Re: [Wikisource-l] [Wikidata-l] DNB 11M bibliographic records as CC0

Luiz Augusto Fri, 06 Dec 2013 17:39:00 -0800

There are reasons for editing and there are also reasons for not editing.

One big reason *for* editing is if at any time data from new sources are
being imported.

We in Librarianship/Information Sciences makes decisions on how the data
will be available to our users/customers. Eg an author name. There are many
ways to write the same name from the same individual. The same individual
can adopt in his life dozens of nicknames, change their last name if gets
married and so on. The rule choosen in a particular library can be the same
in more libraries, or even an entire different one (based on how the local
community of users from a library will search/wants the data), or even no
rule is choosen and the data is recorded "as is" it is registered in the
publication. Some libraries have additional records specially devoted to
the synonymies for the same name, some not.
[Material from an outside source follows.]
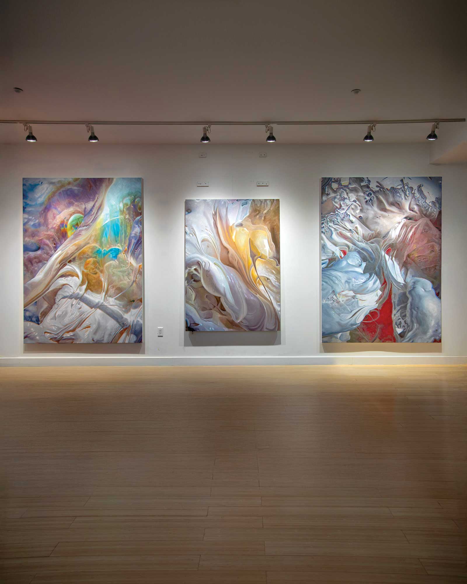 “They’re abstract moments that are painted realistically,” she says, “what’s interesting to me about them is that you’re not able to define them. What happens is when people look at them then they see things. It’s called pareidolia, where they see shapes they want to recognize, as if the brain wants to identify something there, and I think that’s fascinating, because I don’t see any of that, and nobody sees the same thing...I think it’s very psychological and my work has always been psychological, but this is a whole different level, just playing with different people’s interpretation of abstraction, when they want to see something. But I like the idea of them having to sit there and not know what they’re looking at, their brains struggling to identify it.” In the flow and state of connected consciousness, intuition is often our guide, and though a superficial excess of saccharine may be the lure that leads our response to these delicious paintings, the journey that led to them mixes the sweet and sugared blends of color and whipped cream with just a hint of a stripe of sadness.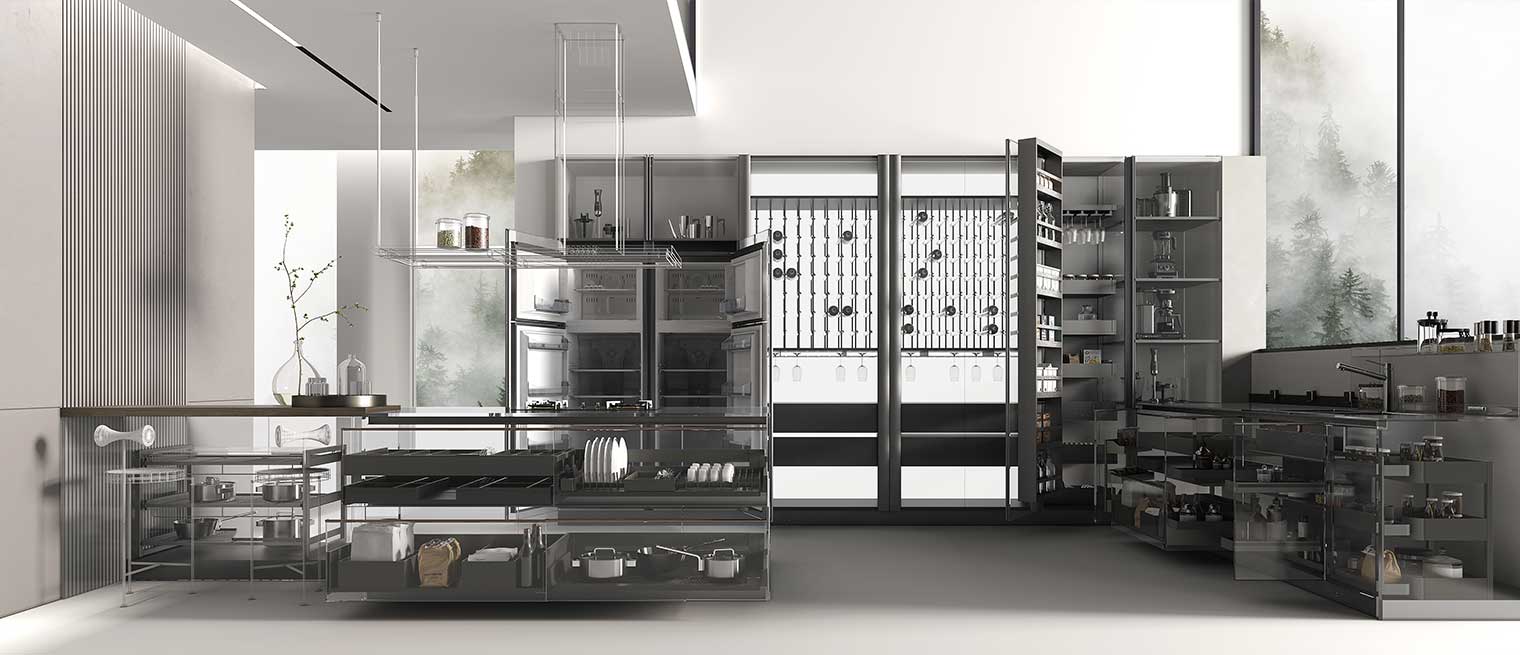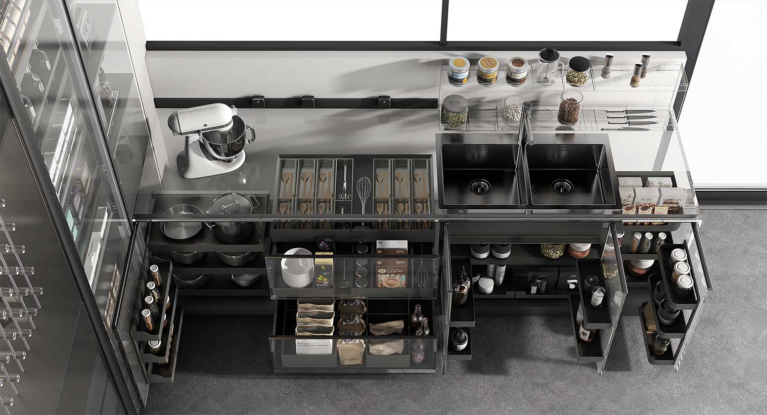 以人性化方式布局,可收納大部分日常使用鍋具,完美解決烹飪工具太多,無處安放問題,隱藏式收納,使用更美觀。

Google Book Search simply imported data from many libraries without making
any attempt to standardize then, resulting in the large amount of
duplicates and bullshits founds in some searches (specially those whose the
imprints didn't standardizet themselves the data).

Some special kinds of data from the same work can also be stored in
differents sets of "fields" and "subfields" of MARC21 records across
different libraries, again because the user/client need of informations
about the works can vary from place to place (ie you get data duplication
in the same record if you simple merge records from libraries).

MARC21 specification have also an entire design that IMHO is impossible to
reflect in the current MediaWiki schema, even with Semanctic MediaWiki.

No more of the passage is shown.